====== Information shown ======

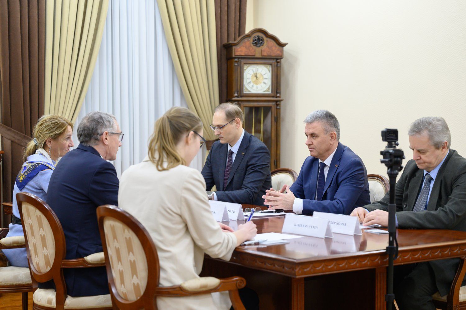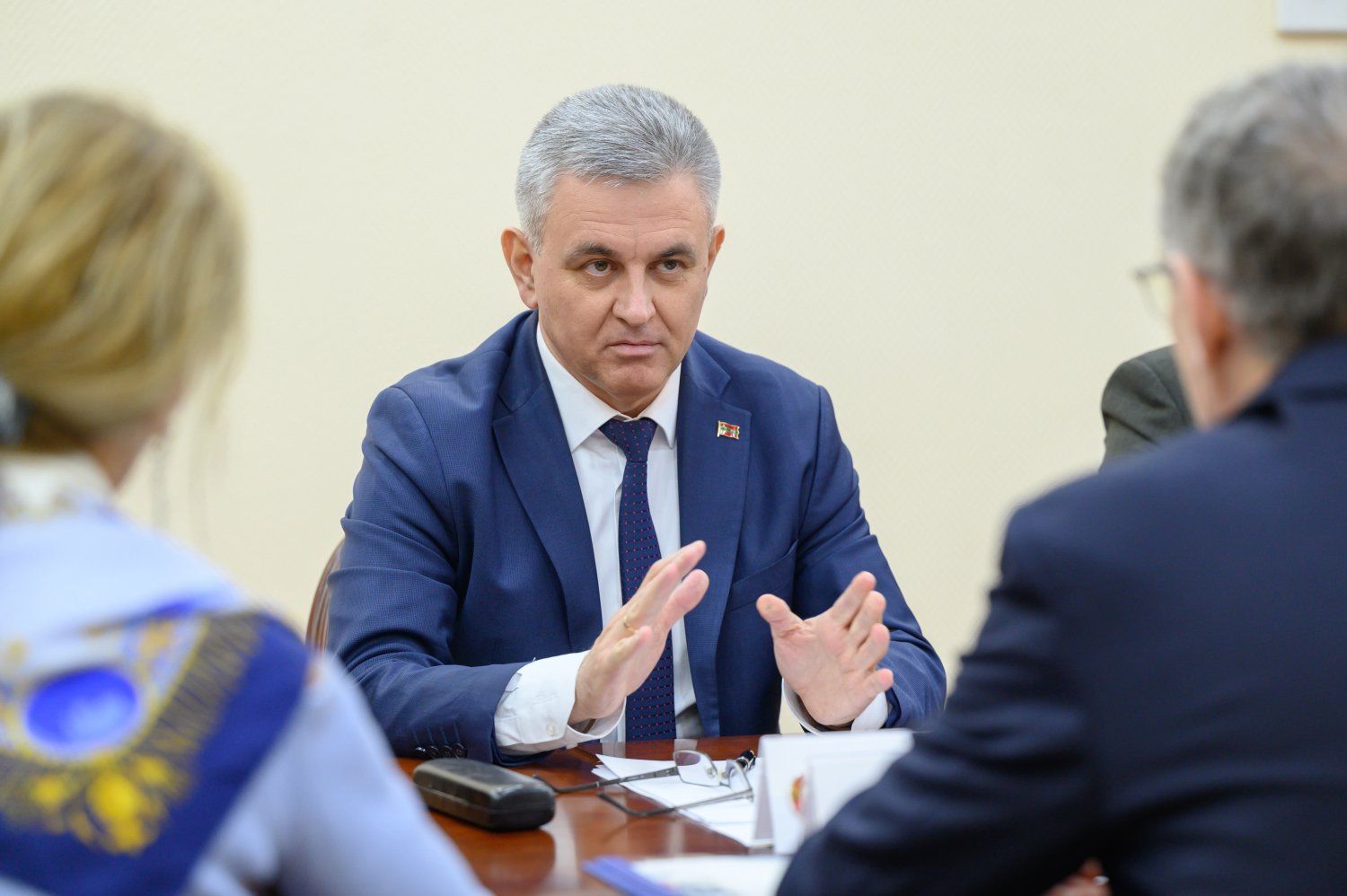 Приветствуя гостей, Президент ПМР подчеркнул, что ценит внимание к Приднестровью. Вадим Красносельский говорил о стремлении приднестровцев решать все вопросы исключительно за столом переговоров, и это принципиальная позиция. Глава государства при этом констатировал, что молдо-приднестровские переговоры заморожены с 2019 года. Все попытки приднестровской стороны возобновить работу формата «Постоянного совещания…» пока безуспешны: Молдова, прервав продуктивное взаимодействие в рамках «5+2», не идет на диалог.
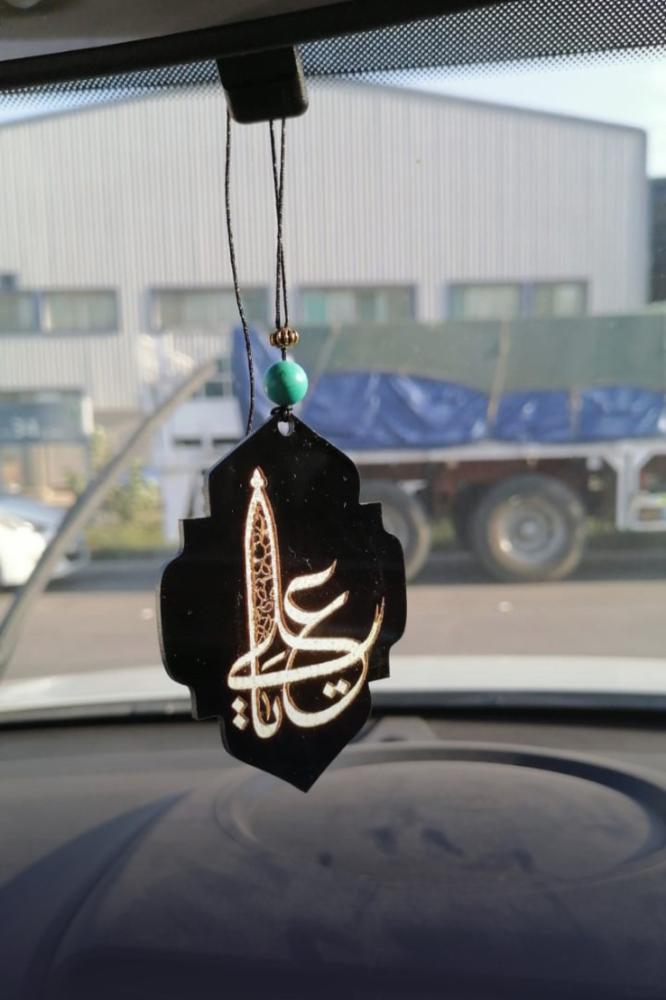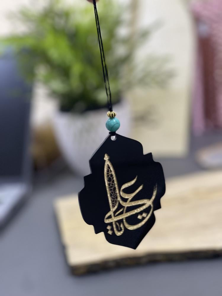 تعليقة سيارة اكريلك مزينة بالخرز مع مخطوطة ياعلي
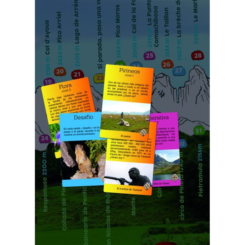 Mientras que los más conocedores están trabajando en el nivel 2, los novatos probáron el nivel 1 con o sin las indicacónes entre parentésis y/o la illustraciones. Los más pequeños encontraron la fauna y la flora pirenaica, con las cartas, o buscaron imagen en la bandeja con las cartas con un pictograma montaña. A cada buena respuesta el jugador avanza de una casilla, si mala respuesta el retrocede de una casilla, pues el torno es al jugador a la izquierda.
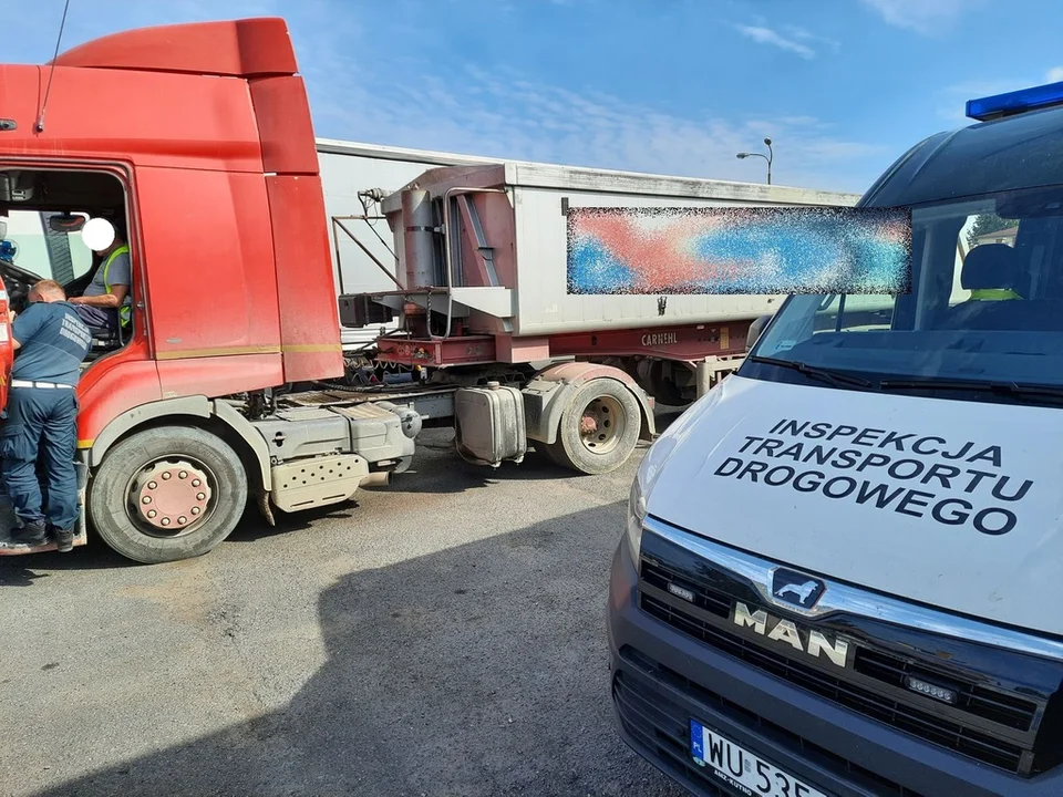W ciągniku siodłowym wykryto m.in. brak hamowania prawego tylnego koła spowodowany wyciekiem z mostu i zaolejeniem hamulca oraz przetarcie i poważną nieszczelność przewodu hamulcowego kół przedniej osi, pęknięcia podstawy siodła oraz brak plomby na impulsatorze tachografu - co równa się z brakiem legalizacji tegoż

======

**Exercise**: Copy the lines above exactly, starting at the one with "تعليقة سيارة اكريلك" and ending at the one with "Mientras que los", both included. Leave out any pictures and add nothing else.

**Your solution**:
 تعليقة سيارة اكريلك مزينة بالخرز مع مخطوطة ياعلي
 Mientras que los más conocedores están trabajando en el nivel 2, los novatos probáron el nivel 1 con o sin las indicacónes entre parentésis y/o la illustraciones. Los más pequeños encontraron la fauna y la flora pirenaica, con las cartas, o buscaron imagen en la bandeja con las cartas con un pictograma montaña. A cada buena respuesta el jugador avanza de una casilla, si mala respuesta el retrocede de una casilla, pues el torno es al jugador a la izquierda.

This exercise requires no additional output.